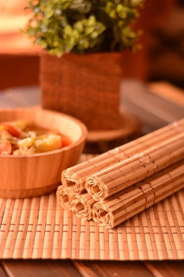 İncecik bambu çubuklardan üretilmiş Bambum Servizio Amerikan Servis, 45 cm genişliği ile geniş ve şık bir servis olarak hizmetinizde. Bambunun doğallığıyla ve 6 farklı desen seçeneğiyle masanızı donatan Servizio, sağlıklı sofralarınızın önemli üyelerinden olacak. Servizio’yu dilerseniz sushi sarmak için sushi mat olarak da kullanabileceksiniz.
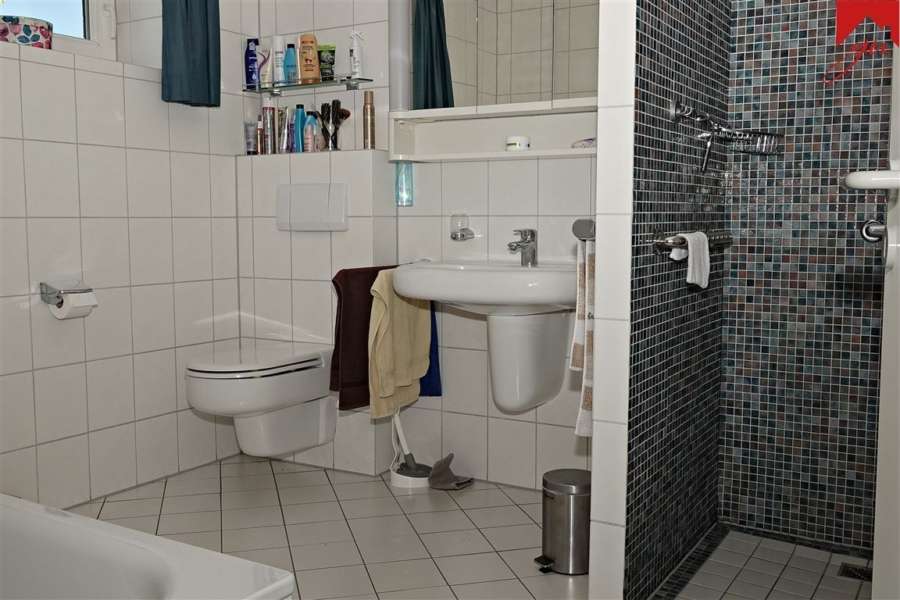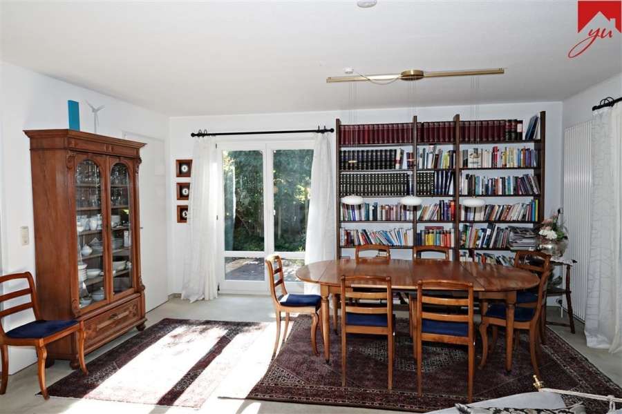 ein einladender Hauseingangsbereich mit separater Garderobe, eine Küche mit ansprechender Einbauküche und Zugang zur Terrasse sowie zum offenen Wohn- und Esszimmer, von welchem Sie ebenfalls direkten Zugang zu einer weiteren Terrasse mit Markise haben, einem Büro, einem Schlafzimmer mit angrenzendem Dusch- und Wannenbad, einem Gästezimmer, einem Gäste- WC mit ebenerdiger Dusche, einem kleinen Vorratsraum sowie einem Hauswirtschaftsraum mit Waschmaschinenanschluss und direktem Zugang zum Garten.
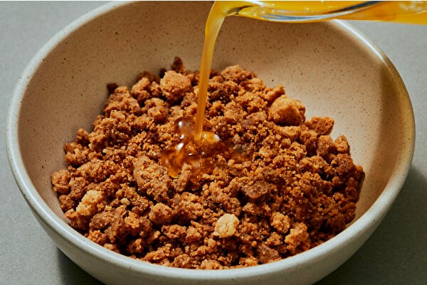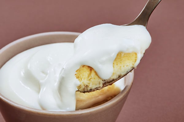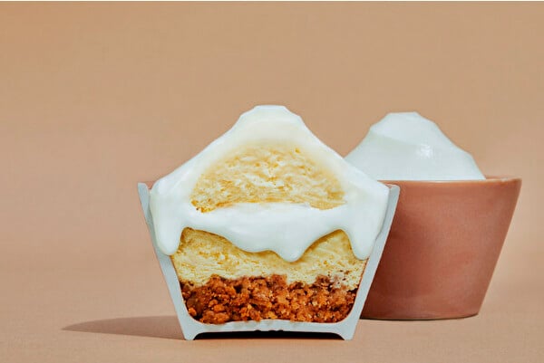 とろけるムース、ぬくもりのあるスフレ、焦がしバターの染み込んだザクザククッキーの5層仕立ては、温めて食べるのに最適なバランスを追求して作られているといいます。

Problem requirements >> Line by line, write out the data above exactly, without the pictures.

Result >>
 İncecik bambu çubuklardan üretilmiş Bambum Servizio Amerikan Servis, 45 cm genişliği ile geniş ve şık bir servis olarak hizmetinizde. Bambunun doğallığıyla ve 6 farklı desen seçeneğiyle masanızı donatan Servizio, sağlıklı sofralarınızın önemli üyelerinden olacak. Servizio’yu dilerseniz sushi sarmak için sushi mat olarak da kullanabileceksiniz.
 ein einladender Hauseingangsbereich mit separater Garderobe, eine Küche mit ansprechender Einbauküche und Zugang zur Terrasse sowie zum offenen Wohn- und Esszimmer, von welchem Sie ebenfalls direkten Zugang zu einer weiteren Terrasse mit Markise haben, einem Büro, einem Schlafzimmer mit angrenzendem Dusch- und Wannenbad, einem Gästezimmer, einem Gäste- WC mit ebenerdiger Dusche, einem kleinen Vorratsraum sowie einem Hauswirtschaftsraum mit Waschmaschinenanschluss und direktem Zugang zum Garten.
 とろけるムース、ぬくもりのあるスフレ、焦がしバターの染み込んだザクザククッキーの5層仕立ては、温めて食べるのに最適なバランスを追求して作られているといいます。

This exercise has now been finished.